You write your own shows. Is this a totally solitary occupation or are there other people involved in the process?

“I predominately work alone – it is hours of me just bouncing around in a studio space, filming my countless improvisations, and eventually threading it all together, however, once I’ve reached a certain point, I do bring in other people to give feedback. I think this is crucial as a solo theatre-maker.

“In the earlier stages of the show’s development, I worked with director Danielle Cresp. Because this is our third collaboration,” Andi says, “she knows me inside out and we have this shared language, so things can shift quickly when we’re in a room together. Once the show found its feet, I went off on my own again and re-worked parts, particularly the narrative structure. That’s when I brought in dramaturg Fiona Scott-Norman who is just so wonderfully no bullshit and a great motivator for making brutal cuts to the writing.

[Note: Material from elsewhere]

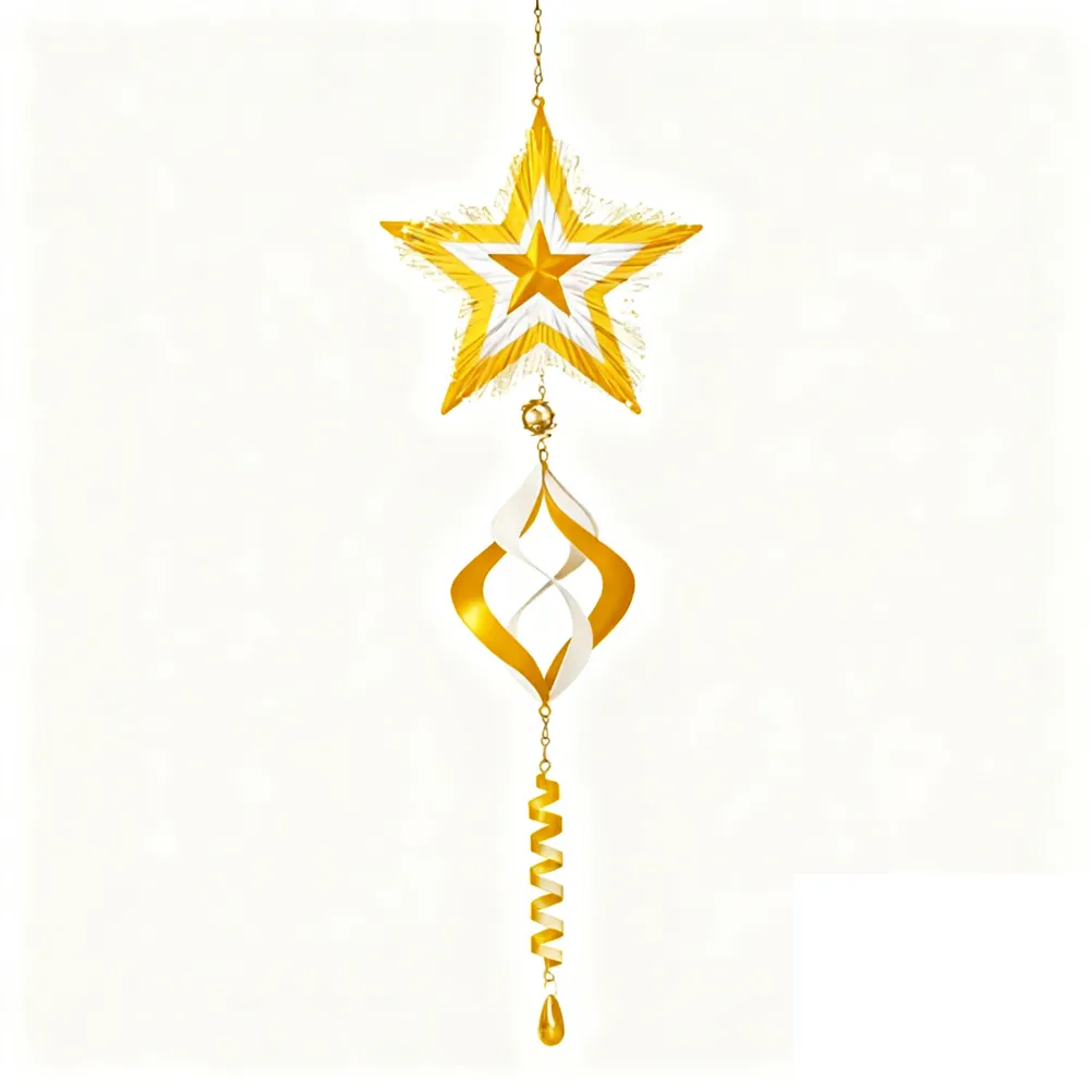 SM251317 Solar Star Hanging Wind Spinner with Fiber Optic
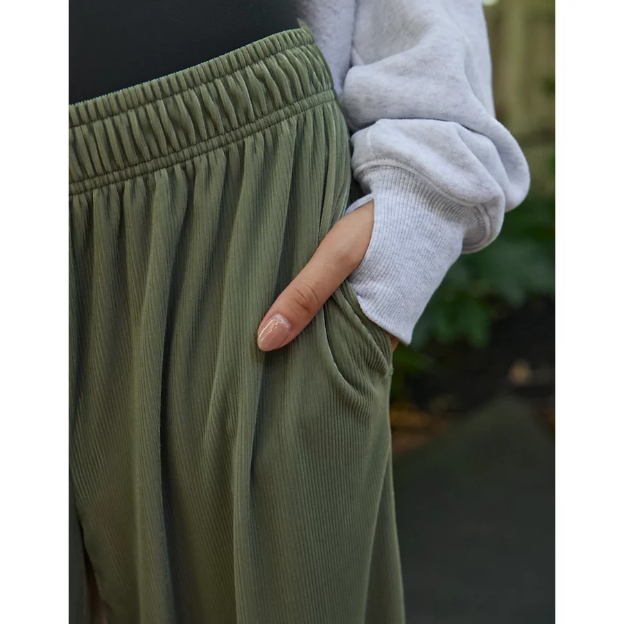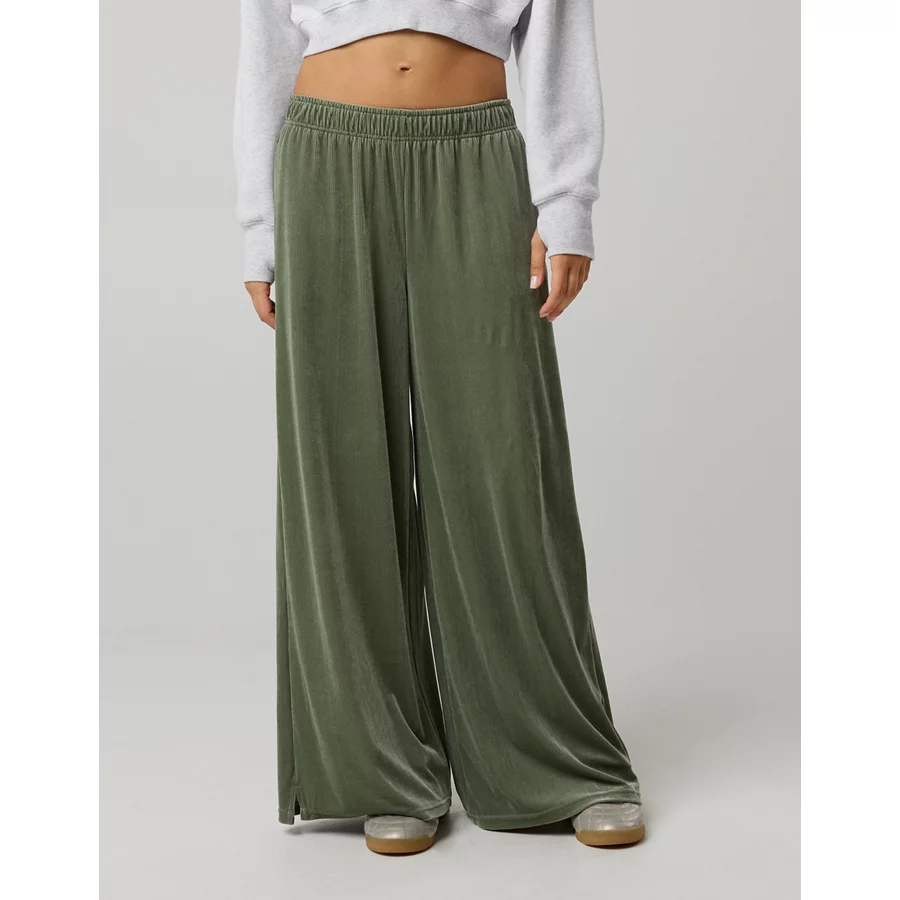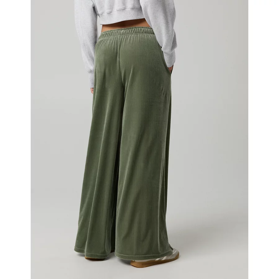 OFFLINE By Aerie Velour Rib Super Wide Leg Pant – Olive Fun

“For this Adelaide season, I have worked mostly alone, partly due to living more regional and partly due to COVID restrictions. It was hard for a while there to even find a space to rehearse in with all venues closed, so this was a very different rehearsal period for me, but I’m feeling good about where the show’s at now. It has grown so much over the years and having a whole year away from it then coming back to it has been very re-invigorating.”

Is there anything else you would like to tell us to encourage us to come along to see Happy-Go-Wrong?

“I guarantee you won’t have seen anything like this show before!” Andi says. “Come say hi in the foyer afterwards. I love meeting my audience!”

Happy-Go-Wrong performs at Mainstage at Bakehouse Theatre from 8pm on Wed 10 Mar until Sat 20 Mar.